For good or bad, I do "custom business applications" for a living. This is intended to be a topic about how to better manage the complexity of such applications. I do not intend it to be a bitching session about the "quality of life" issues in corporations, but rather dealing with software issues within the Dilbertian reality.
Characteristics of custom biz apps:
- Interweaving orthogonal factors - A given factor can end up influencing just about anything. Thus, "group related stuff together" is often difficult or impossible. Anything is game for being related somehow. A somewhat extreme example is explored under EmployeeTypes. See also LifeIsaBigMessyGraph.

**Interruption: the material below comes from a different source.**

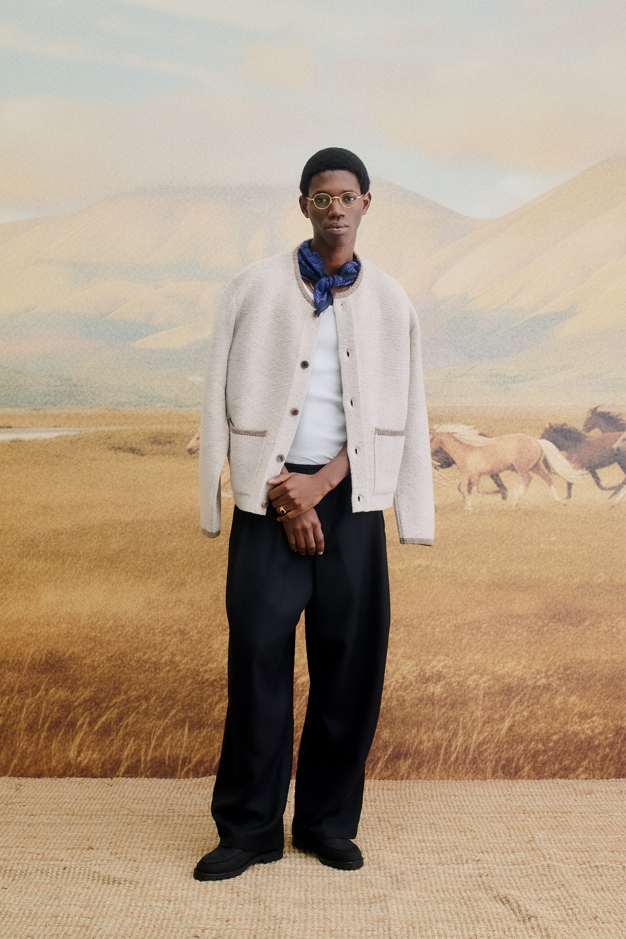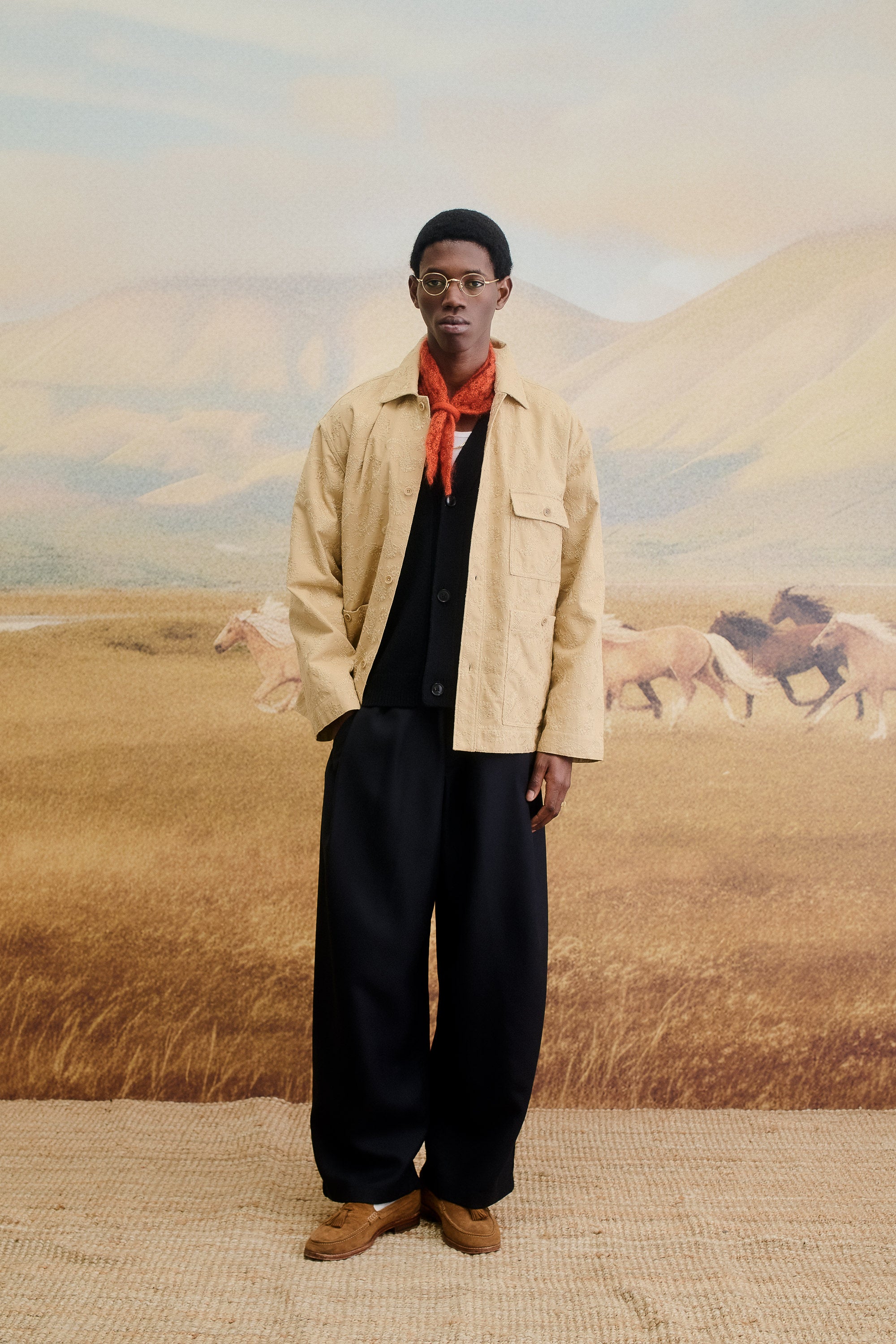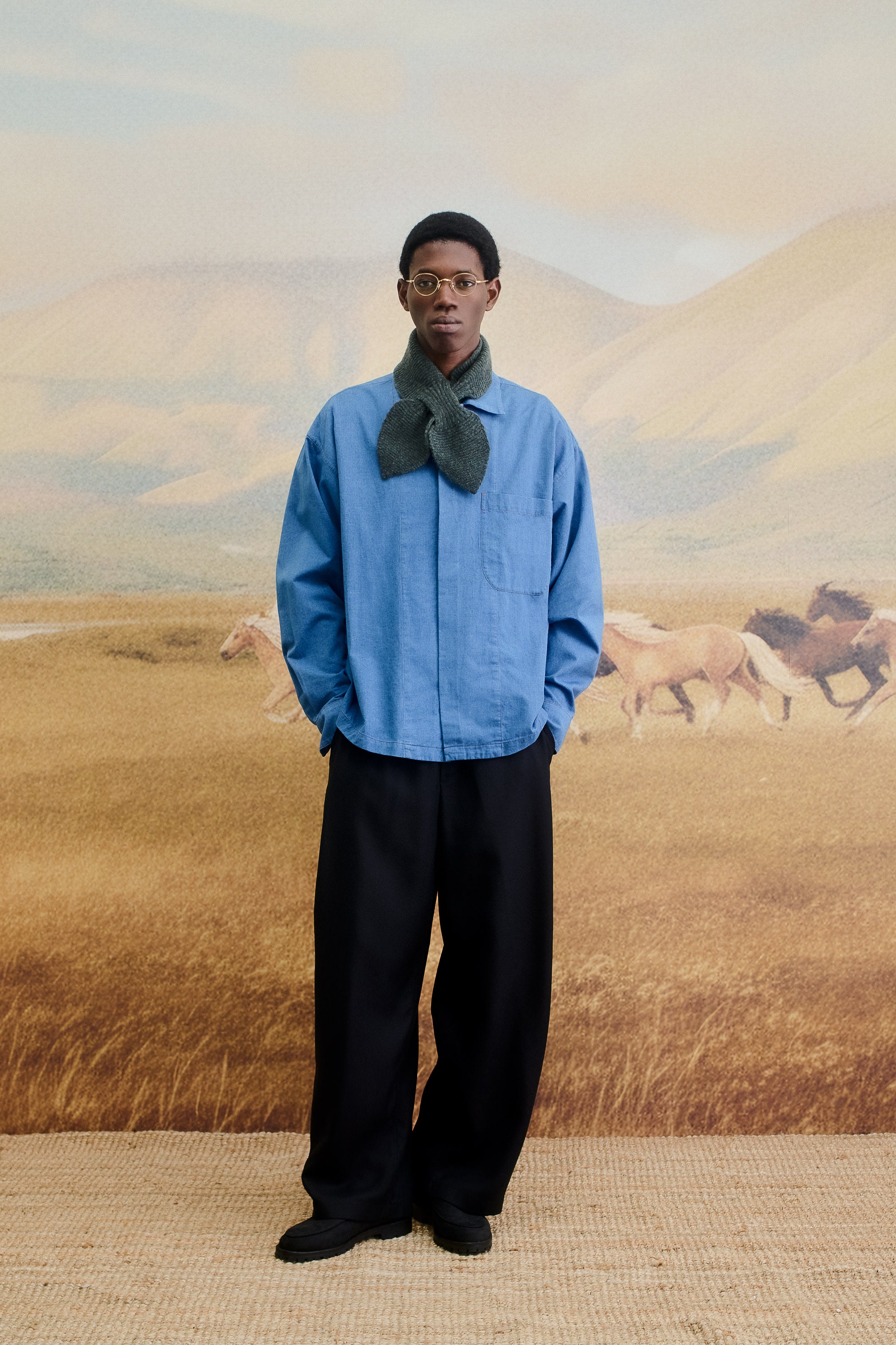 After a year shaped by diverse inspirations, from remote landscapes to the quiet beauty of everyday life, this capsule reflects a moment of pause and refinement.It celebrates the colder months ahead with a curated selection of outerwear, knitwear, accessories, and crafted objects that embrace warmth, texture, and quiet sophistication. The Capsule serves as a gentle reminder of the year’s journey, merging craftsmanship and comfort into timeless winter staples. Each piece is a daily companion in the art of slowing down, a guardian of the inner peace, needed to move through the world with primal ease. Throughout our journeys we documented color patterns, that we carefully weaved into the AW25 Holiday capsule. The deep, resonant brown of thawed earth. The quiet beige of dried winter grass. The dark, earthy green of hardy steppe flora, punctuated by the sage that persists in sheltered places. A jolt of cobalt blue in a twilight sky, a shock of deep burgundy like a wildflower. This is not a color story we invented. It is one we witnessed.

- Business Rules can seem capricious - Business rules are often determined by high-level managers, the marketing department looking for the latest gimmick, and/or laws created by whacky or clueless politicians (redundant?). There may not be any apparent logical or rational to many of them from the developer's perspective and asking is not always an option. Marketers tend to be "intuitive thinkers", which often drives analytical geeks crazy. One often ends up encoding a personality(s) rather than physical or mathematical truths. This can make predicting the path of future changes difficult, especially due to management changes. See also: AreBusinessAppsBoring.
- Lots of CrudScreen-related stuff, but managers or customers often want to tweak interfaces such that truly generic frameworks that can handle everything can be difficult. Telling the customer that their pet UI design is "not logical" can be politically sticky.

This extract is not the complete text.